- _What is needed_:
Everything in the records must be copied exactly, apart from the pictures.

- _Input for this task_:
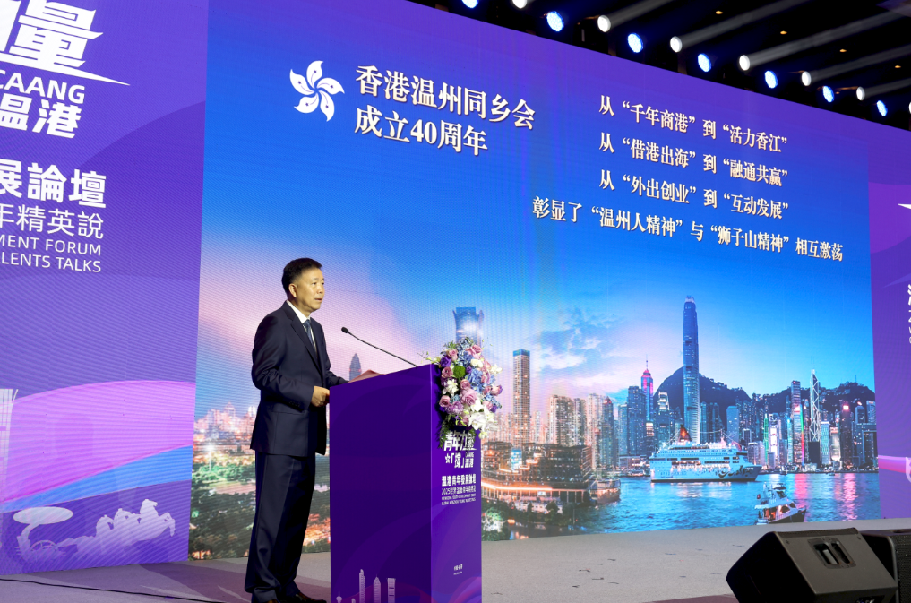 在致辞中,张振丰代表家乡党委政府向广大旅港乡亲致以诚挚问候。他说,从“千年商港”到“活力香江”,香港温州同乡会成立40年来,团结带领广大旅港乡亲书写了“温州人精神”与“狮子山精神”相互激荡的传奇故事。温州始终牢记习近平主席寄予“续写创新史”的殷殷嘱托,正加快迈向“双万”城市、提速打造“浙江第三极”。希望两地青年争当融入大局的弄潮儿、创新发展的引领者、两地情谊的传播者,积极投身长三角和粤港澳大湾区联动发展热潮,聚焦科技前沿领域,打造协同创新生态,深化经贸人文交流,书写温港联动新篇章。
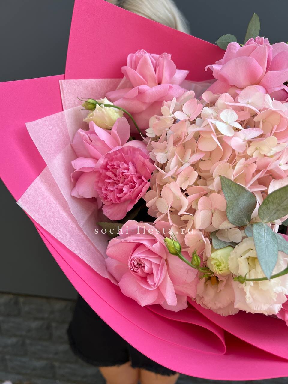 гортензия, роза одноголовая, бомбастик, декоративная зелень, эвкалипт, лента, дизайнерская упаковка.
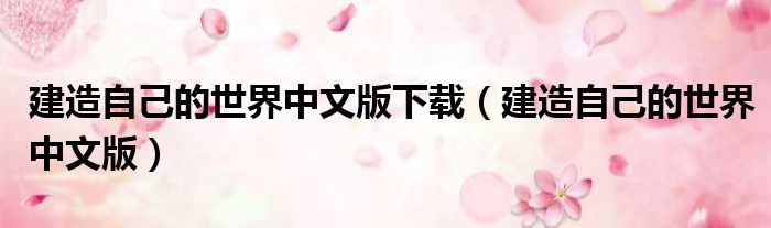 建造自己的世界中文版下载(建造自己的世界中文版)
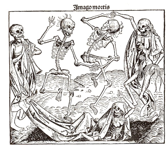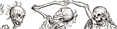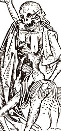 The Imago Mortis here is more like the Dance of Death, a subject visited many times by many great artists over a period of 500 years or so. But my interest right now is only in the hair; particularly the hair of the figure at far right, whose (her?) hair seems to be not only flowing down her spine but through it and her ricase as well, spilling out in front of her across her pelvis.
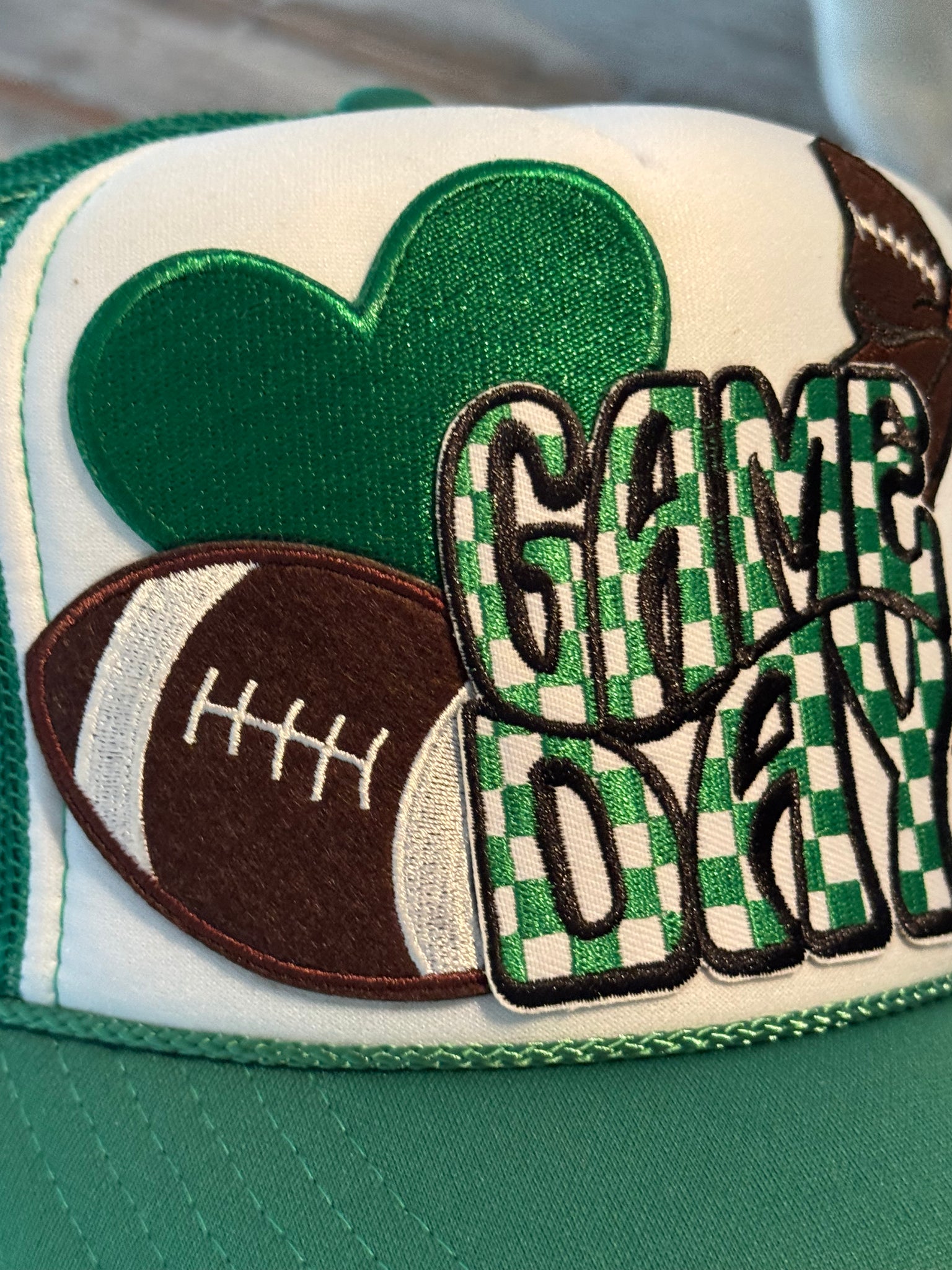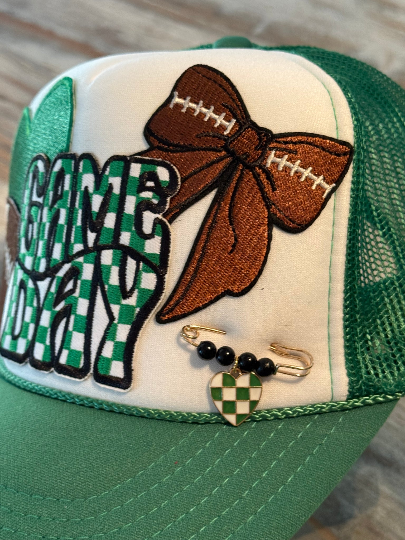 Stand out in the bleachers with this green and white football game day hat! One of a kind! You won’t find another one like it!
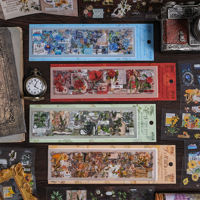 花のメッセージ透明防水ペットステッカー diy ハンドブック日記ステッカークロスボーダーレトロスタンプ花ステッカー
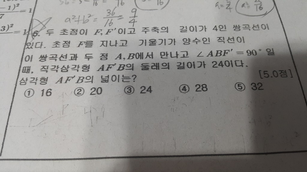 고2기벡 작성자부자 만들기|작성시간19.03.06|조회수157 목록 댓글 2 글자크기 작게가 글자크기 크게가 잘안되네요ㅠㅠ 부탁드립니다 정답은3번입니다 다음검색 현재 게시글 추가 기능 열기 북마크 공유하기 신고 센터로 신고 댓글 댓글 2 댓글쓰기 답글쓰기 댓글 리스트 작성자yesrainy | 작성시간 19.03.07 쌍곡선 정의에의해 AF'=a, AF=a-4, BF=b-4, BF'=b라하면 둘레가 24이므로 a+b=16..피타고라스 정리에 의해 a^2=b^2+64..a=10, b=6.. 답댓글 작성자부자 만들기 작성자 본인 여부 작성자 | 작성시간 19.03.07 넘넘 고맙습니다! ! ! 댓글 전체보기

- _Your response_:
 在致辞中,张振丰代表家乡党委政府向广大旅港乡亲致以诚挚问候。他说,从“千年商港”到“活力香江”,香港温州同乡会成立40年来,团结带领广大旅港乡亲书写了“温州人精神”与“狮子山精神”相互激荡的传奇故事。温州始终牢记习近平主席寄予“续写创新史”的殷殷嘱托,正加快迈向“双万”城市、提速打造“浙江第三极”。希望两地青年争当融入大局的弄潮儿、创新发展的引领者、两地情谊的传播者,积极投身长三角和粤港澳大湾区联动发展热潮,聚焦科技前沿领域,打造协同创新生态,深化经贸人文交流,书写温港联动新篇章。
 гортензия, роза одноголовая, бомбастик, декоративная зелень, эвкалипт, лента, дизайнерская упаковка.
 建造自己的世界中文版下载(建造自己的世界中文版)
 The Imago Mortis here is more like the Dance of Death, a subject visited many times by many great artists over a period of 500 years or so. But my interest right now is only in the hair; particularly the hair of the figure at far right, whose (her?) hair seems to be not only flowing down her spine but through it and her ricase as well, spilling out in front of her across her pelvis.
 Stand out in the bleachers with this green and white football game day hat! One of a kind! You won’t find another one like it!
 花のメッセージ透明防水ペットステッカー diy ハンドブック日記ステッカークロスボーダーレトロスタンプ花ステッカー
 고2기벡 작성자부자 만들기|작성시간19.03.06|조회수157 목록 댓글 2 글자크기 작게가 글자크기 크게가 잘안되네요ㅠㅠ 부탁드립니다 정답은3번입니다 다음검색 현재 게시글 추가 기능 열기 북마크 공유하기 신고 센터로 신고 댓글 댓글 2 댓글쓰기 답글쓰기 댓글 리스트 작성자yesrainy | 작성시간 19.03.07 쌍곡선 정의에의해 AF'=a, AF=a-4, BF=b-4, BF'=b라하면 둘레가 24이므로 a+b=16..피타고라스 정리에 의해 a^2=b^2+64..a=10, b=6.. 답댓글 작성자부자 만들기 작성자 본인 여부 작성자 | 작성시간 19.03.07 넘넘 고맙습니다! ! ! 댓글 전체보기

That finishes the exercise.